In her role as a global Jaguar ambassador, Noodle helps the automaker drive awareness for opportunities within the automotive manufacturing sector, especially as electric vehicles become more popular among drivers (see story).

Noodle for Jaguar Formula E racing. Image credit: Jaguar Land Rover

“It’s projected that total spending on AR/VR products and services is expected to soar from $11 billion in 2017 to over $200 billion 2021,” said Daymon Bruck, CCO and partner at The O Group, Seattle. “That kind of massive growth makes it very possible that virtual reality will increasingly play a central role for brand marketing, especially for those that get in front of the medium quickly and start connecting with digital native audiences and partners.

“Virtual realities – and the characters that ‘live’ in them – present wide open opportunities for extending and showcasing brand experiences, acting as a fresh path to the real world of luxury services and products,” he said. “Why limit your brand reach to just one universe when virtual worlds offer endless possibilities?

“As long as a potential virtual influencer or virtual ambassador has strong conceptual or ideological alignment to a brand, the rules are no different then for a human influencer: a good match can produce fantastic results and open up new audiences and fans.”

Luxury prides itself on authenticity and reality, but the boundaries are increasingly being blurred thanks to digital media.

Even though influencer marketing is often about presenting an aspirational lifestyle, consumers still look to these individuals for their perspective.

Many luxury brands have adopted influencer marketing strategies, but it is not always easy to connect partnerships with personalities into conversions.
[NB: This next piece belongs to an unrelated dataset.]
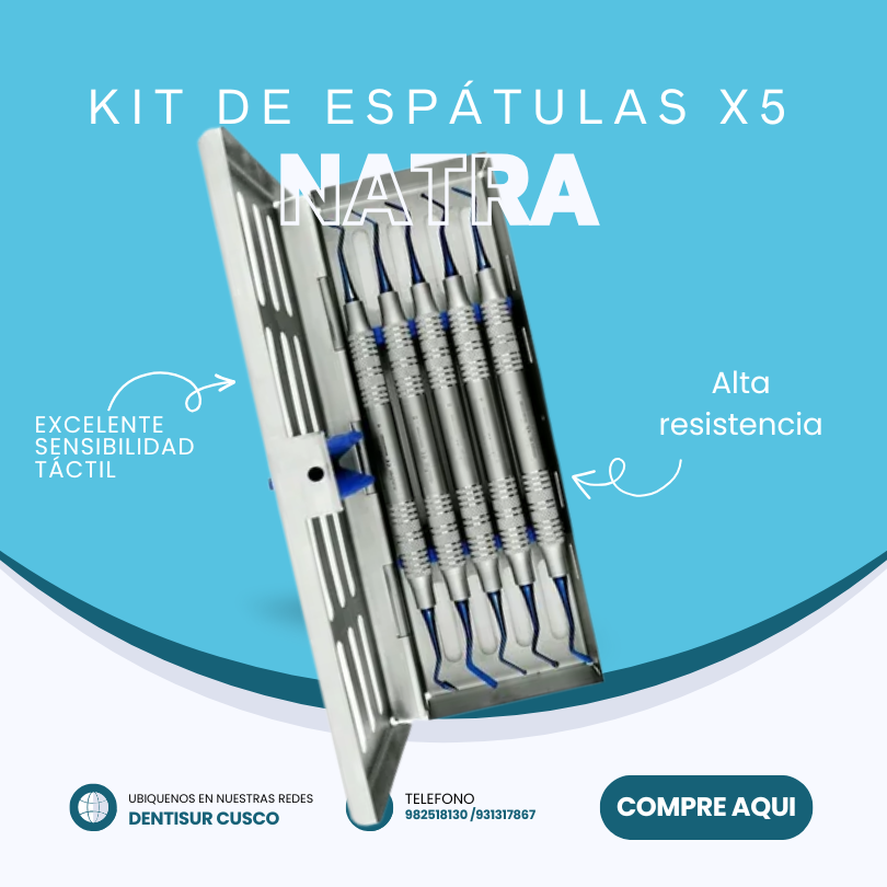 El kit de espátulas para resina marca Natra es un set premium de 5 o 6 instrumentos dentales de acero inoxidable AISI-420, con acabado azul antiadherente recubierto de titanio. Diseñadas para restauración clase I y II, estas herramientas ofrecen alta resistencia, esterilización en autoclave y puntas activas precisas para el modelado de composite.

A report from Olapic proves the commercial potential of these content collaborations, showing that 31 percent of consumers have bought a product or service because an influencer posted about it.

Forty-three percent of consumers place the most importance on authenticity when deciding whether to trust an influencer. An influencer’s expertise is key for building trust for 39 percent, while 39 percent said they want to see products in use to believe an endorsement (see story).

“If I was recommending to brands or even if I was consulting the influencer I would say that they need to focus more on acquiring and activating the audience of these brands that they’re working with,” Launchmetrics’ Ms. Levy said. “Because that’s the only thing from a data perspective that is quite astounding that it is something really buzzy, she’s had a lot of great partnerships, but the audience is still not the audience that you would imagine are the followers of Chanel. And I think for brands at the end that is most important.”